Ces pressions structurelles ont une incidence directe sur la pauvreté et l’accès à la justice. Selon la Banque mondiale, même si les Maldives ont atteint des taux de pauvreté relativement faibles, des inégalités significatives persistent entre la capitale Malé et les îles périphériques, où les services publics – y compris l'aide juridique et l'accès aux tribunaux – sont beaucoup moins disponibles. Pour les citoyens vivant dans la pauvreté, en particulier ceux vivant en dehors de la capitale, s'orienter dans le système judiciaire constitue un défi considérable : la représentation juridique est coûteuse, les déplacements vers les tribunaux sont coûteux et la connaissance des droits légaux reste inégale. Cela signifie que lorsque la fragilité et l’État de droit sont mis à rude épreuve aux Maldives – que ce soit à cause de l’ingérence judiciaire, de la restriction de la liberté de la presse ou de la concentration du pouvoir exécutif – ce sont ceux qui sont déjà marginalisés par la pauvreté qui sont les plus exposés aux conséquences. Voici trois choses clés à savoir sur son état récent :

1. Réformes

Le Majlis du peuple (Parlement maldivien) a récemment lancé des réformes et des amendements juridiques qui promeuvent les droits de l'homme, une gouvernance plus efficace et la protection de l'environnement. Par exemple, le législateur a révisé le Code pénal des Maldives pour s'éloigner des mesures punitives et favoriser plutôt une approche de réhabilitation en dépénalisant certaines infractions. Une vague marquée de réformes visant à renforcer la responsabilité juridique a émergé, abordant directement la fragilité et l’État de droit aux Maldives. Ces mesures du gouvernement central ont donné le ton aux citoyens des Maldives, favorisant une société active et consciente des droits qui peut continuer à faire pression efficacement sur le gouvernement pour qu'il réduise la fragilité et promeuve la démocratie.

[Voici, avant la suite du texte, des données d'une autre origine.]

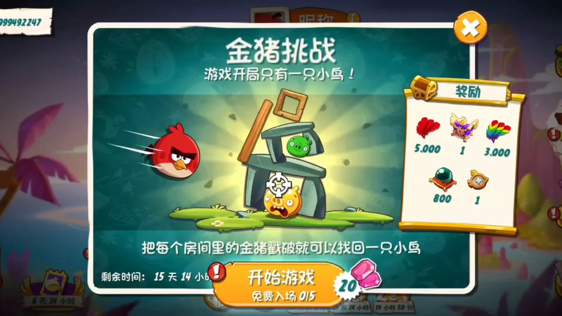 这是《愤怒的小鸟2》的金猪挑战209关卡内容,该挑战开局仅1只小鸟,戳破房间里的金猪可找回小鸟,完成挑战能获得羽毛、宝石等丰厚奖励,图中展示了关卡的战斗场景。
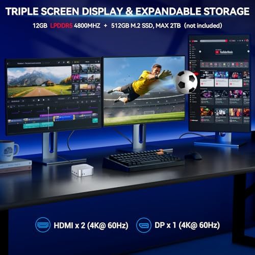- 【UBUNTU LINUX MINI PC & Expandable Storage】The pc mini is specifically designed to run the Linux Ubuntu operating system flawlessly, providing a secure and highly customizable computing experience. It can meet your different needs for those who prefer the flexibility and power of Linux. Equipped with high-speed 12GB LPDDR5 RAM (4800MHz) and 512GB SSD, offering faster reading speed and lower power consumption than DDR4. You can replace the SSD to max 2TB (not included) to expand the storage

2. Menaces sur l’indépendance judiciaire

Cependant, malgré des avancées prometteuses depuis 2008, cette démocratie naissante présente certainement des fissures inévitables dans la solidité de l’État de droit, qui sont devenues particulièrement visibles depuis l’arrivée au pouvoir du président Muizzu. Le renforcement du contrôle des médias et les restrictions imposées aux manifestations et aux journalistes révèlent la fragilité de la constitution de 2008. Les menaces proviennent notamment d'une subversion de l'indépendance judiciaire, où l'exécutif aurait suspendu trois juges de la Cour suprême dans une prétendue tentative d'intimidation visant à obtenir leur soutien au gouvernement lors d'une révision constitutionnelle. Cette menace a également attiré l'attention dans une soumission conjointe à l'Examen périodique universel des Nations Unies en avril 2025, qui a souligné les éléments de fragilité et l'état de droit aux Maldives comme des domaines très préoccupants.

3. Réponse à la fragilité

Malgré cette menace, on ne peut ignorer que même si le peuple maldivien a été confronté à certaines menaces contre l’État de droit – en raison de la corruption et de la concentration du pouvoir au sein du pouvoir exécutif du gouvernement – ​​des mesures significatives existent pour remédier à cet excès de pouvoir, dans le but ultime de conserver le pouvoir entre les mains de l’intérêt public. Cela comprend la rédaction d'un projet de loi sur la déclaration des actifs, ainsi que l'élargissement de la présence de la Commission anti-corruption. De même, le rôle d’autres institutions limitatrices de pouvoir, comme le Conseil du barreau, s’exerce clairement à travers leur appel au président Muizzu pour qu’il renvoie le projet de loi – qui avait déchu les trois juges de la Cour suprême de leurs postes – au Parlement pour révision.

Regarder vers l'avenir

Il est clair que même si les menaces ont certainement mis à l’épreuve la fragilité et l’État de droit aux Maldives, le pays démontre dans l’ensemble une volonté claire de réduire continuellement la fragilité et, à terme, d’améliorer et de renforcer la protection des citoyens dans cette démocratie en évolution.